**EXERCISE AIM**
Please restate the data below word for word, omitting all images.

**DATASET EXTRACT**
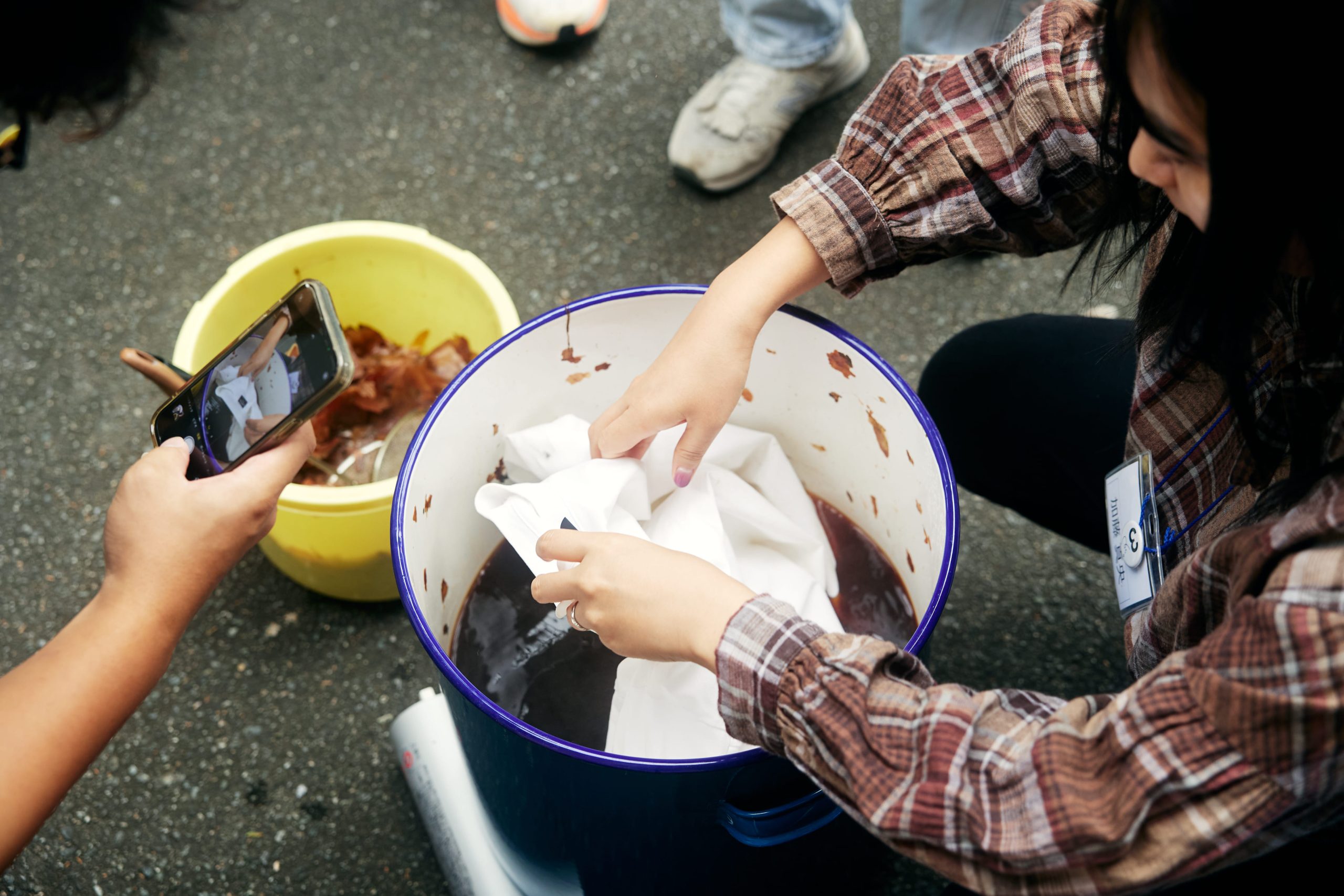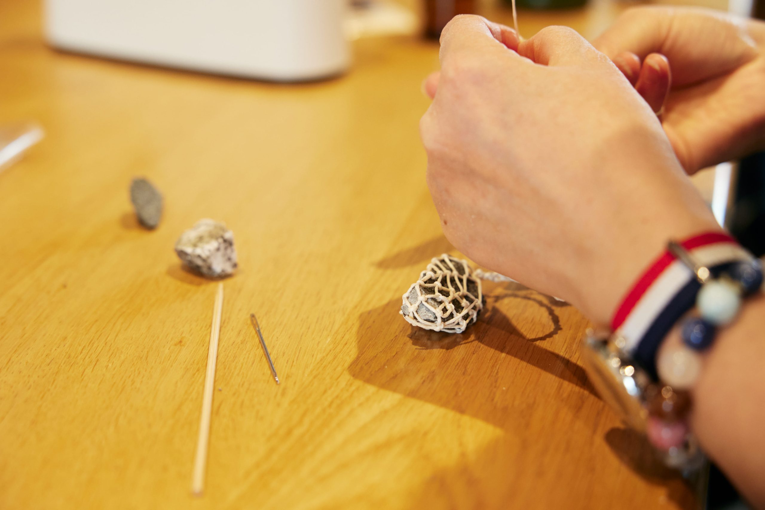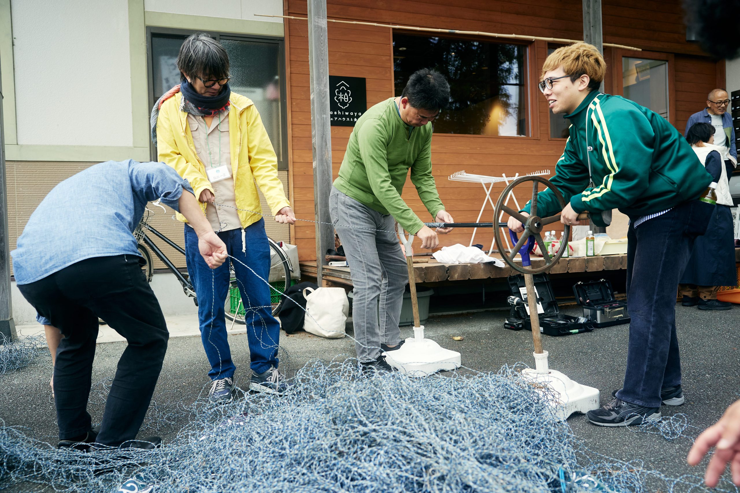 「kashiwaya」へ戻り、グループに分かれてワークショップを行います。いただいた御影石でアクセサリーを作る、楢葉町に自生している葛の葉の繊維で草木染めをする、獣害対策で使われていた電線を片づける、「kashiwaya」のオリジナルグッズを作るなど……参加者それぞれの特技に合わせて楽しく賑やかな時間を過ごしました。
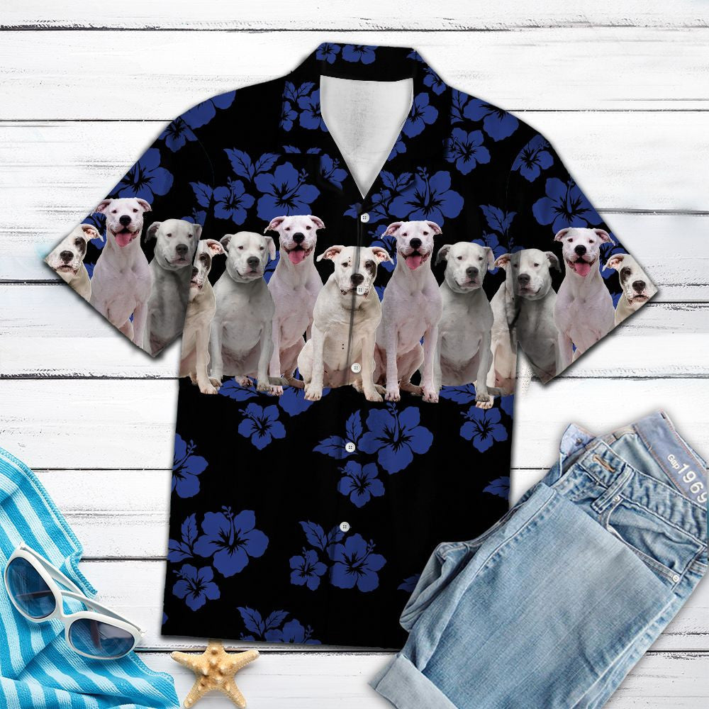 Hibiscus Trópaiceach Dogo Argentino Uathúil Ar Léine Haváí le Patrún Dubh, Bronntanas Léine Haváís, Bronntanas Nollag
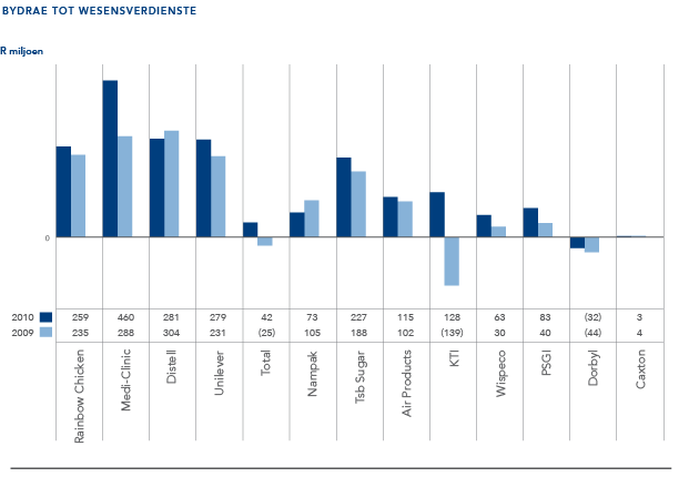 Vir die die jaar geëindig 31 Maart 2010 het Rainbow Chicken Beperk (“Rainbow”) se wesensverdienste met 10% (2009: afname van 40%) van R319 miljoen tot R351 miljoen toegeneem. Positiewe billike waarde aanpassings op finansiële instrumente, wat in Rainbow se grondstofaankoopstrategie gebruik word, ten bedrae van R52 miljoen (2009: R153 miljoen negatief), is by wins voor belasting ingesluit. Met die uitsluiting van hierdie billike waarde aanpassings is daar ’n dalende tendens in wesensverdienste, wat hoofsaaklik toeskryfbaar is aan laer hoenderrealiserings en die eksterne voerbesigheid se kleiner bydrae.

**TASK SOLUTION**
 「kashiwaya」へ戻り、グループに分かれてワークショップを行います。いただいた御影石でアクセサリーを作る、楢葉町に自生している葛の葉の繊維で草木染めをする、獣害対策で使われていた電線を片づける、「kashiwaya」のオリジナルグッズを作るなど……参加者それぞれの特技に合わせて楽しく賑やかな時間を過ごしました。
 Hibiscus Trópaiceach Dogo Argentino Uathúil Ar Léine Haváí le Patrún Dubh, Bronntanas Léine Haváís, Bronntanas Nollag
 Vir die die jaar geëindig 31 Maart 2010 het Rainbow Chicken Beperk (“Rainbow”) se wesensverdienste met 10% (2009: afname van 40%) van R319 miljoen tot R351 miljoen toegeneem. Positiewe billike waarde aanpassings op finansiële instrumente, wat in Rainbow se grondstofaankoopstrategie gebruik word, ten bedrae van R52 miljoen (2009: R153 miljoen negatief), is by wins voor belasting ingesluit. Met die uitsluiting van hierdie billike waarde aanpassings is daar ’n dalende tendens in wesensverdienste, wat hoofsaaklik toeskryfbaar is aan laer hoenderrealiserings en die eksterne voerbesigheid se kleiner bydrae.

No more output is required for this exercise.